If I were to go around saying, with the degree of confidence that many of you guys seem to have, that Trump was definitely mocking someone’s disability, I feel like I would be lying. And it sounds like you’re saying, “It’s OK to spread that lie because Trump’s a bad person.” I can’t get behind that.
At the end of the day I just don’t think he was mocking the guy for being disabled, and believe me, that’s not my pulling partisan mental gymnastics. I simply watched the video that Fox News put together with an open mind and found it convincing, and I’m not going to deny what I’ve seen with my own eyeballs just because it’s Trump.
I watched that video. Trump never grew up. He continues to act like a childish bully. His pantomime of someone mentally or physically handicapped, compared to previous examples, was more amplified and deliberate (IMO) in the case of the reporter. What’s more, if you go around saying anti-semitic things all your life, but never to a jew, and then one time you slip up and say it to or about a specific jewish person, are you excused because you’ve said similar things in the past in different contexts?
Making a “big nose” joke in reference to a specific Jew might very well be anti-Semitic, but if it can reasonably be pointed out that the offender just has a penchant for “big nose” jokes against people from all ethnic backgrounds, and the target in a specific case was incidentally Jewish, I don’t think we need to declare that the person is definitely an anti-Semite in spite of the facts at hand just because big nose jokes are childish.
Trump has a habit of pantomiming mannerisms typically associated with physically and/or mentally handicapped people. He got away with it, until he was recorded doing it to mock an individual with a physical handicap. Which made it that much worse.
Explain how previous incidents exonerate him from this one.
Personally I don’t think his pantomime is intended to be a physically and/or mentally handicapped person. I think it kinda looks a little bit like what my classmates and I used to do before we knew better, but not really. I don’t think anyone would have assumed it was supposed to be a dig on handicapped until he happened to use it to depict a handicapped person, and then applying that depiction to all previous examples.
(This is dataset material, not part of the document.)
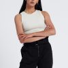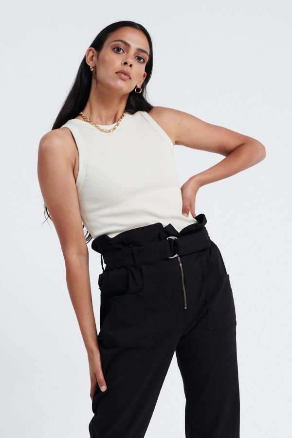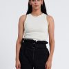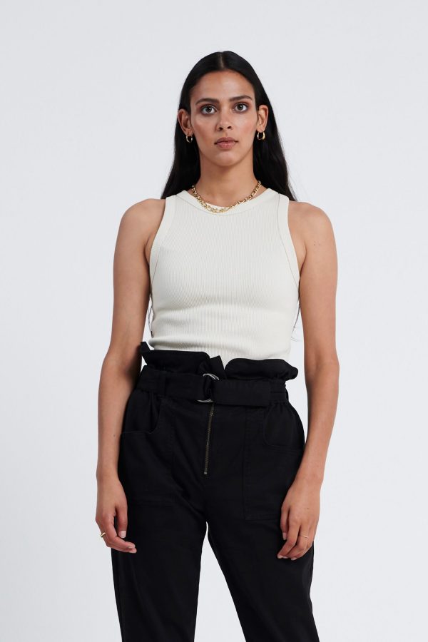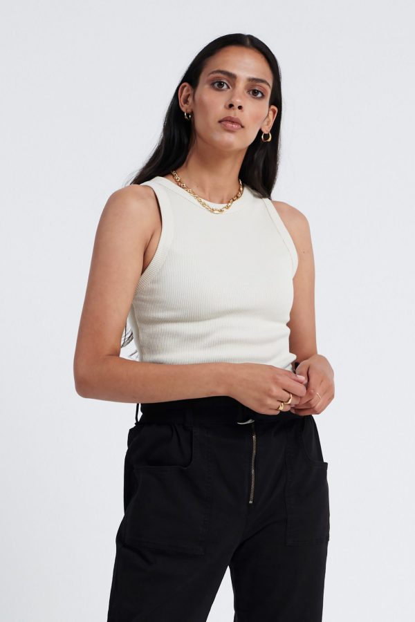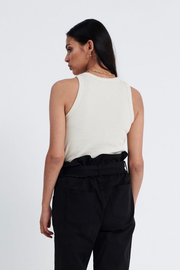 De Tiff Top, is een geribbelde tanktop in de vorm van een racer Model is 175 en draagt maat S

I think he’s just doing a “flustered person” thing.
You’re certainly welcome to believe that someone you yourself describe as “a loathsome individual, petty and narcissistic” who is hell-bent on mocking someone would be careful to make a distinction between a person with arthrogryposis and “someone who was epileptic, or had cerebral palsy, or was prone to uncontrollable physical motions in some way.”
I believe that a blowhard bully addressing a crowd would never be satisfied simply bending a wrist when he could play for a bigger laugh by playing a bigger disability.
I was going to cite this personal anecdote as an example in an earlier post but removed it. But it seems appropriate in light of your response above.
When I was a younger teen, it was cool to call someone out as being a “fag” or a “retard”. Had nothing to do with their sexual identity or developmental handicap. It was just an automatic insult to throw out. It was common back then.
But then I matured and discovered the world around me and became more sensitive and aware that these words and sentiments have meaning beyond just a casual insult. They are hurtful. To continue to use them is to be a willful asshole.
Trump is 70+. When the fuck is he going to grow up and stop being a willful asshole? (Rhetorical question)
Given his well recorded behavior, I remain unconvinced he deserves the benefit of the doubt.
If your 10 year old son did this same sort of pantomime when talking about a disabled student at his school, would you give him a pass? Hell, it doesn’t even have to be about a disabled student: Would you give him a pass for doing that for a non-disabled student?
If you won’t give your 10 year old son a pass, why would you give our 70 year old dipshit president a pass?
steronz makes the point that there is recorded evidence of him doing so in other contexts. Presumably he wasn’t mocking the reported in those instances. Which doesn’t mean he doesn’t have a habit of pantomiming disabled people.
So, you’re saying that he chose that particular mockery routine completely at random and happened to hit on one that resembled the man’s disability. (Trump has several different mockery routines in his repertoire, it seems oddly coincidental that he didn’t call him by a nasty nickname, or any of his other common methods of mockery.)
There’s two possibilities, the way I see it. One, Trump sees some sort of connection between people who get flustered after being caught in a lie, and people with cerebral palsy. Or two, yes, it’s just a coincidence. Occam’s razor makes me go with #2.
My opinion: yes Trump was actually mocking the reporter specifically for his disability, and it was obvious, and (I thought) not debatable. I’m surprised to see the debate here.